> **DIRECTIONS**
Without the pictures, output all of the data exactly.

> **SUPPLIED INFORMATION**

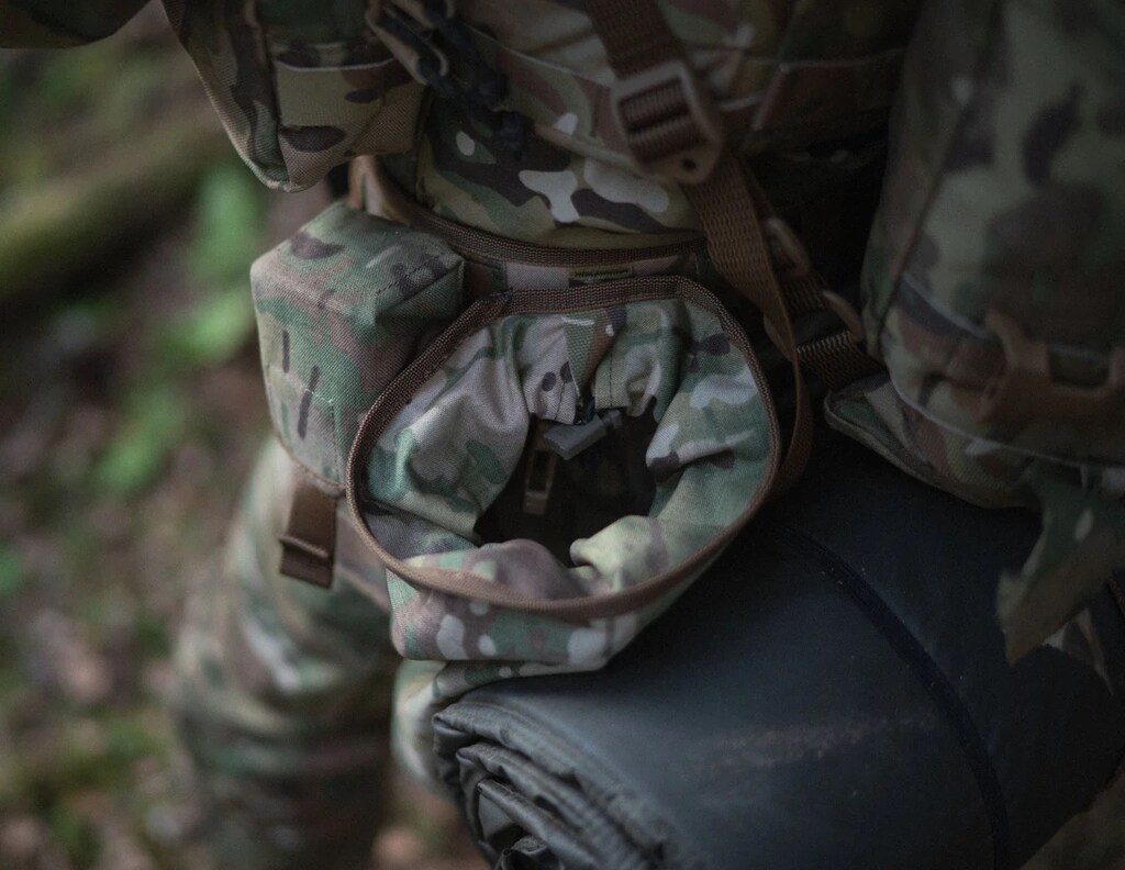 Tylna ścianka worka jest zgodna z systemem MOLLE/PALS, umożliwiając stabilne zamocowanie do pasa (o szerokości 45-50 mm), plecaka lub innych elementów oporządzenia. Umieszczony w dolnej części otwór drenażowy zapewnia szybkie odprowadzanie wody i zanieczyszczeń.
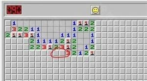 5、红圈所指的“1”处已确定有一颗雷。此时,只需将鼠标置于“1”上,按住右键不松开,接着点击一下左键,“1”周边的其他方块便会全部被点开。这个小技巧对提高游戏速度很有帮助。
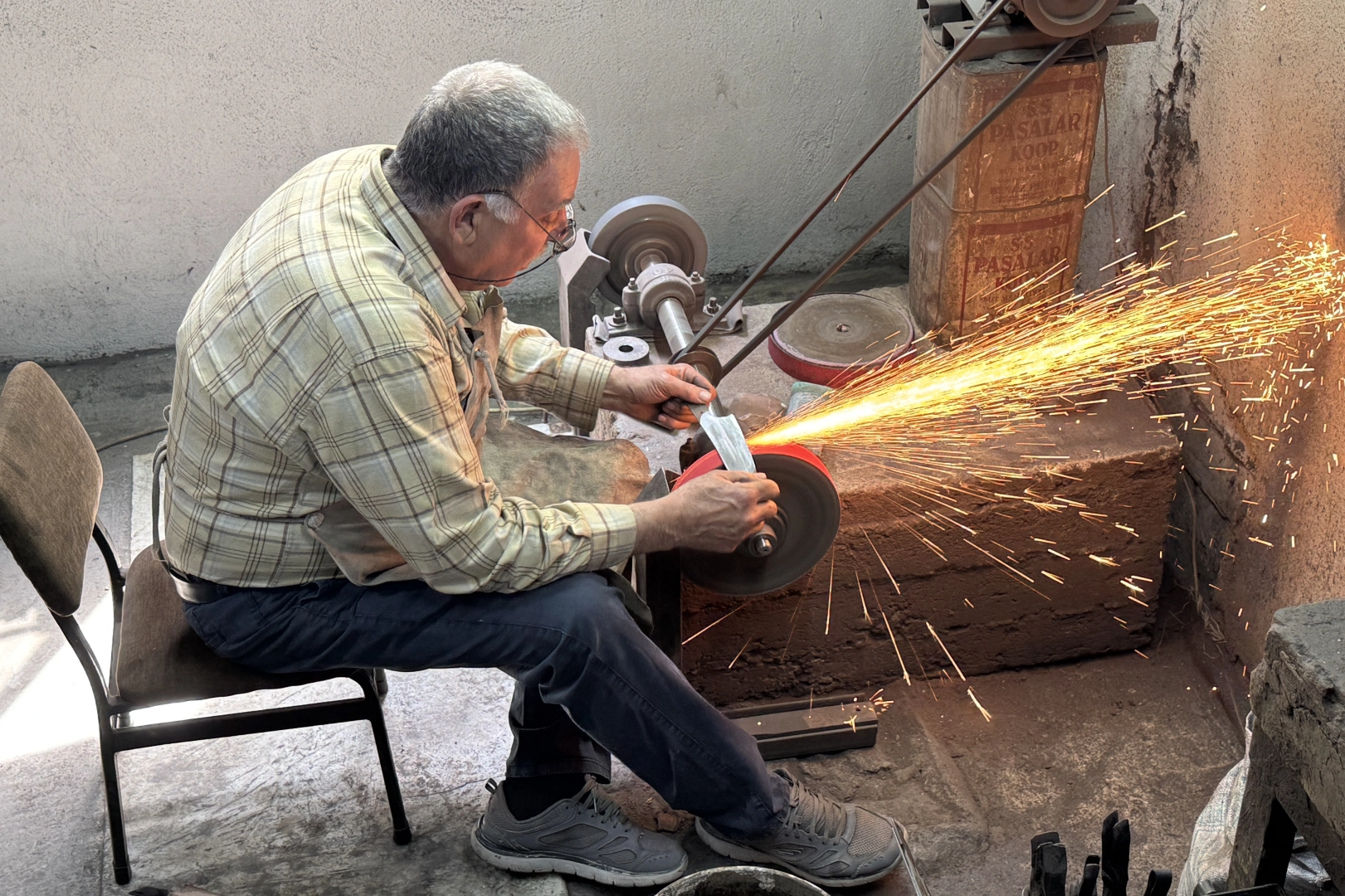 İsmet ve Hikmet Şeref, kestane kömürüyle yakılan ateşle yaptıkları ısıl işlemin ardından damgalama, parlatma, sap takma ve bilemeyle kullanıma hazır hale getirilen bıçakları, yurdun dört bir yanına gönderiyor.

> **EXERCISE RESPONSE**
 Tylna ścianka worka jest zgodna z systemem MOLLE/PALS, umożliwiając stabilne zamocowanie do pasa (o szerokości 45-50 mm), plecaka lub innych elementów oporządzenia. Umieszczony w dolnej części otwór drenażowy zapewnia szybkie odprowadzanie wody i zanieczyszczeń.
 5、红圈所指的“1”处已确定有一颗雷。此时,只需将鼠标置于“1”上,按住右键不松开,接着点击一下左键,“1”周边的其他方块便会全部被点开。这个小技巧对提高游戏速度很有帮助。
 İsmet ve Hikmet Şeref, kestane kömürüyle yakılan ateşle yaptıkları ısıl işlemin ardından damgalama, parlatma, sap takma ve bilemeyle kullanıma hazır hale getirilen bıçakları, yurdun dört bir yanına gönderiyor.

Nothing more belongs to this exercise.